(concurring in part).
I concur with the majority that the trial court correctly granted the defendant Tailby’s motion for a directed verdict. I agree too that it was error to withhold from the jury the question of Neshobe’s liability, as the owner of the land where the injury occurred. But as I view the record, there was also a question for the jury on the issue of negligence on the part of the defendant Rutland Chamber of Commerce.
This defendant, though neither landowner nor tenant, was present on the land, acting with the possessor’s consent and authority. See Restatement, Torts 2d §383a. It did so at its own instigation.
The fact that the plaintiff and this defendant were both invitees of the landowner does not absolve the Chamber for liability. A licensee may be charged with a duty to other persons on the land, although the licensor is not. Humphrey v. Twin State Gas & Electric Co., 100 Vt. 414, 417, 139 A. 440. 56 A.L.R. 1011.
*576The evidence establishes that the Chamber of Commerce was' the sponsor of the project to advance its own objectives. It issued the invitation to the plaintiff, gave the details of the program and established “the rules of the steak roast.” All this was done under the supervision of its managing director. And its members organized the ball game.
In undertaking to sponsor an athletic event, the Chamber of Commerce was called upon to use reasonable care in all matters connected with the enterprise for the reasonable protection of its invitees, whether spectators or participants. Dusckiewicz v. Carter, 115 Vt. 122, 126, 52 A.2d 788; Killary v. Burlington-Lake Champlain Chamber of Commerce, Inc., 123 Vt. 256, 265, 186 A.2d 170.
The sponsor’s status, as a licensee, will not excuse it from this requirement in an action by an injured invitee. Rouillard v. Canadian Klondike Club, Inc., 316 Mass. 11, 54 N.E.2d 680, 681. Neither will the fact that the landowner had an equivalent duty in this regard necessarily relieve his licensee. Either one, or both may be legally responsible, according to the nature of their control. Klinsky v. Hanson Van Winkle Manning Co., 38 N.J.Super. 439, 119 A.2d 166, 171.
The record before us permits the inference that the Chamber of Commerce not only issued the invitation, but assumed some degree of control of the place and events to which the plaintiff was invited.
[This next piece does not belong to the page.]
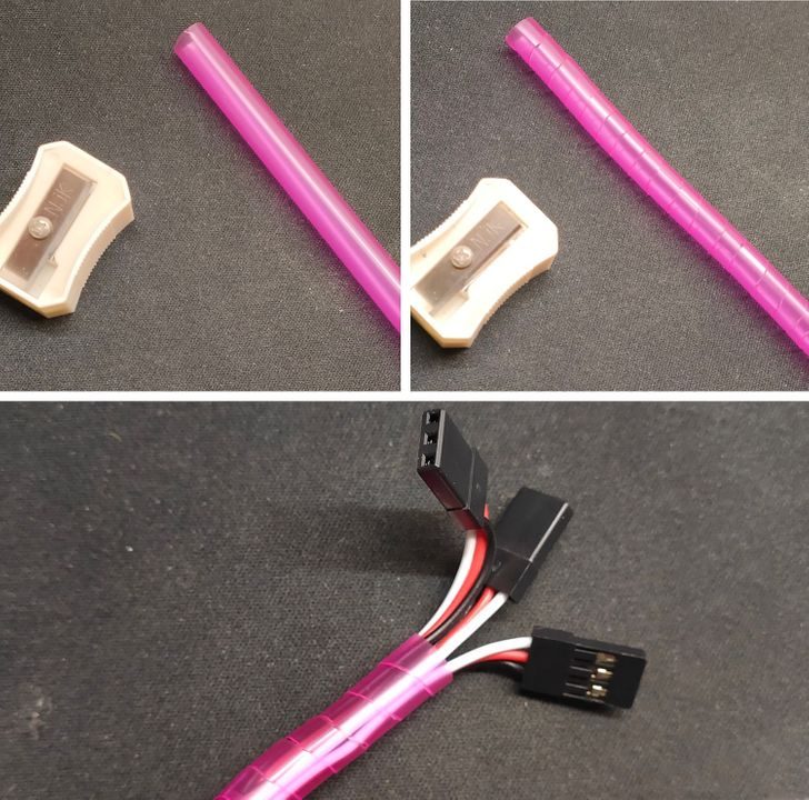 Обычная трубочка для питья и точилка — и вот что вышло: универсальный держатель для кабелей и проводов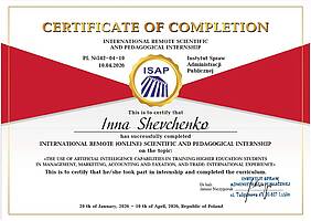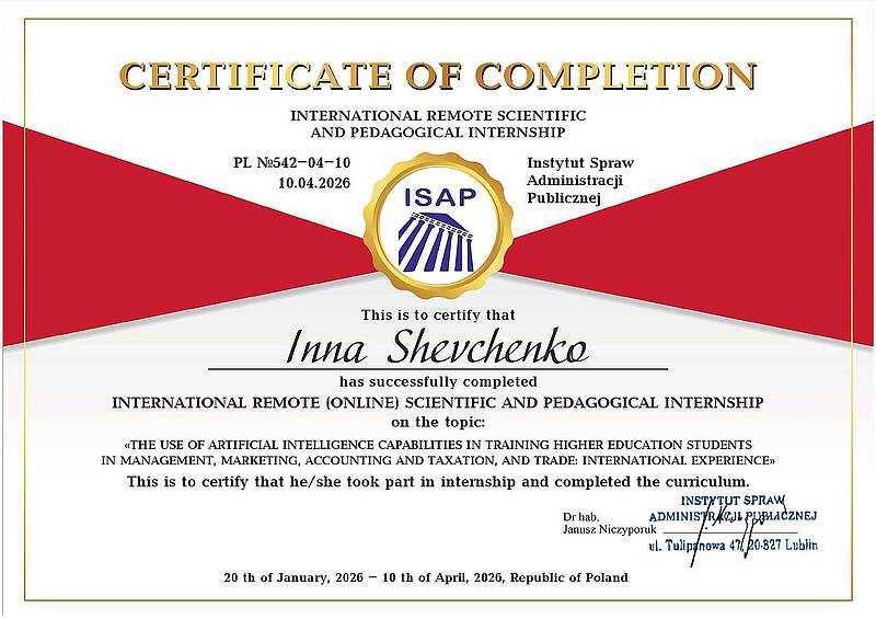 У період з 20 січня по 10 квітня 2026 року професор кафедри економіки і підприємництва Шевченко І.Ю. підвищила кваліфікацію за програмою Міжнародного дистанційного науково-педагогічного стажування «Використання можливостей штучного інтелекту при підготовці здобувачів вищої освіти спеціальностей менеджмент, маркетинг, облік і оподаткування, торгівля: міжнародний досвід» в Інституті справ адміністрації публічної ISAP (м. Люблін, Польща).

To my mind, this is sufficient to charge the defendant with recognition that harm would come to the plaintiff, if the area where the competition was to take place should be unsafe. And if its representatives knew, or should have known, by reasonable vigilance, that the playing field contained areas of danger, the Chamber of Commerce was called upon to correct or warn, according to its authority in the premises. For these reasons, I think it was for the jury to determine whether this defendant had control of the situation to such a degree that it could have averted the danger by the exercise of reasonable precaution.
I am authorized to say Shangraw, J., joins me in this opinion.